To really make an effect, the UBI would have to be quite close to the share of each worker in the overall production. That would squeeze profits, and make the continuing of capitalist production impossible; most likely, capitalists would politically react and compel the State to repeal the legislation; if not, the system would crumble, either to be replaced by a socialist system, or into economic disorder.
Is this correct? Is exploitation no longer exploitation when no coercion is involved in the transaction? Would then UBI be such a "solution" to exploitation?
No. More likely, the result is just some diminishment of exploitation, that doesn't really change the system. If the UBI is pushed too high, it would put the system into crisis.
There is a more complicated discussion. In a capitalist society, value is the social form of wealth. But wealth and value are different things, which are not interchangeable, and their relation is, in Marxist terms, contradictory.
You can put things in these contrasting terms:
Two pairs of shoes are twice the wealth as one pair of shoes - and also twice the value.

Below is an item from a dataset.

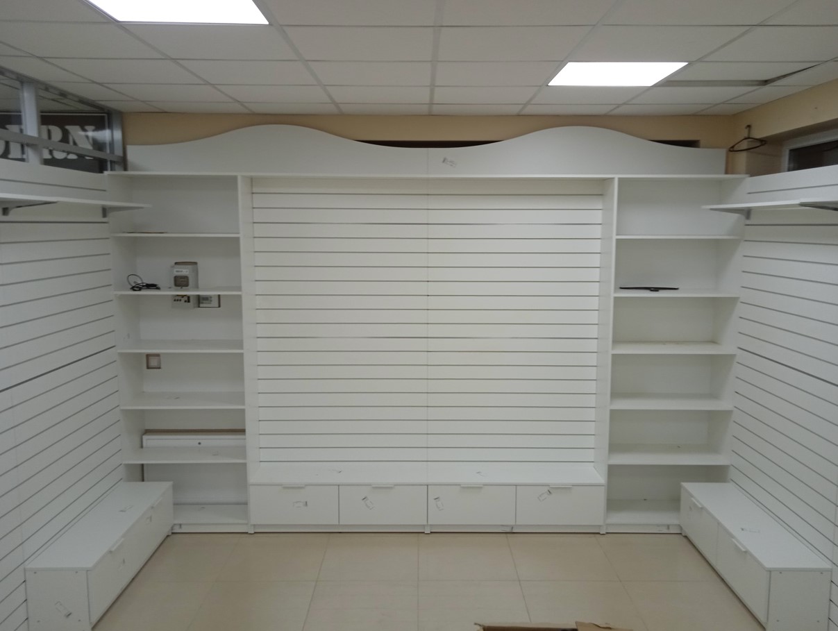 код 138037Тумбы с ящиками, полки, витрины с роллетами.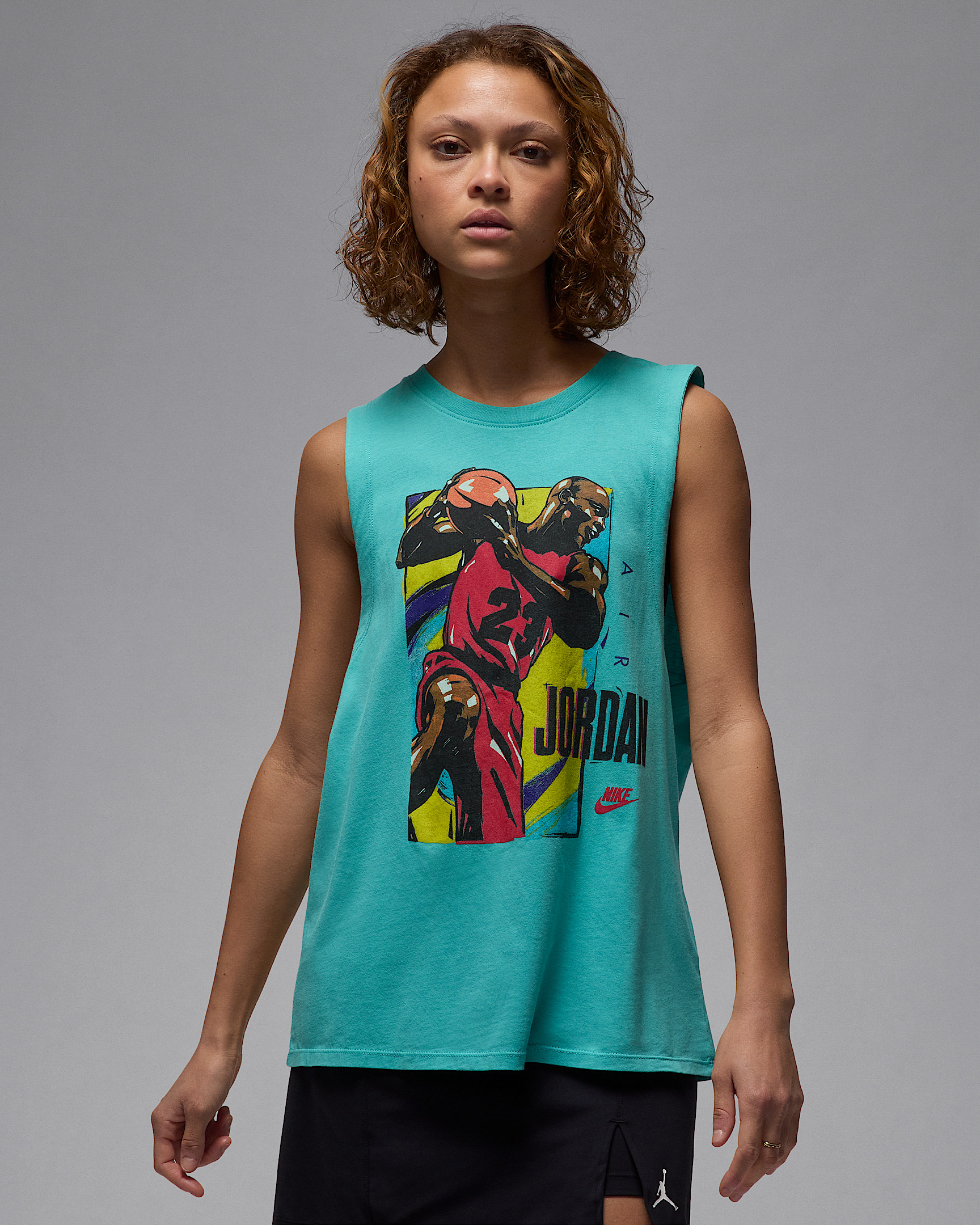 A nod to MJ's classic cut-off tees, this sleeveless top combines retro graphics with an allover wash to give you an old-school look. Lightweight cotton fabric, extended armholes and a loose fit add a truly casual feel. Product Details - 100% cotton - Machine wash - Imported - Shown: Washed Teal - Style: HJ0199-392 SIZE & FIT Model is wearing size S and is 5′9″175cm Loose fit: roomy and relaxed

When productivity changes, so that you can now produce two pair of shoes at the expense of the same amount of labour that you previously needed to produce just one, you double the wealth, but the value remains (macroeconomically) the same.
If you pay workers a UBI, unrelated to their labour output, you are assigning them a given part of the total amount of wealth produced - but you are also assigning them a part of the total value. While capital will have no necessary problems with the redistribution of wealth, it cannot deal with the redistribution of value: while wealth is increasingly abundant, value is not, unless labourers work more (or more labourers work). Indeed, in the conditions of capitalist production, value is increasingly scarce, and giving it away for free will create problems for the reproduction of the system, because capital needs to control a considerable part of the produced value, in order to reproduce itself.
So, beyond a certain level, even if there was absolutely no effect in the incentive to work (which is in itself a dubious assumption), the result of a UBI will be a crisis in the system, probably giving way to a backlash in exploitation.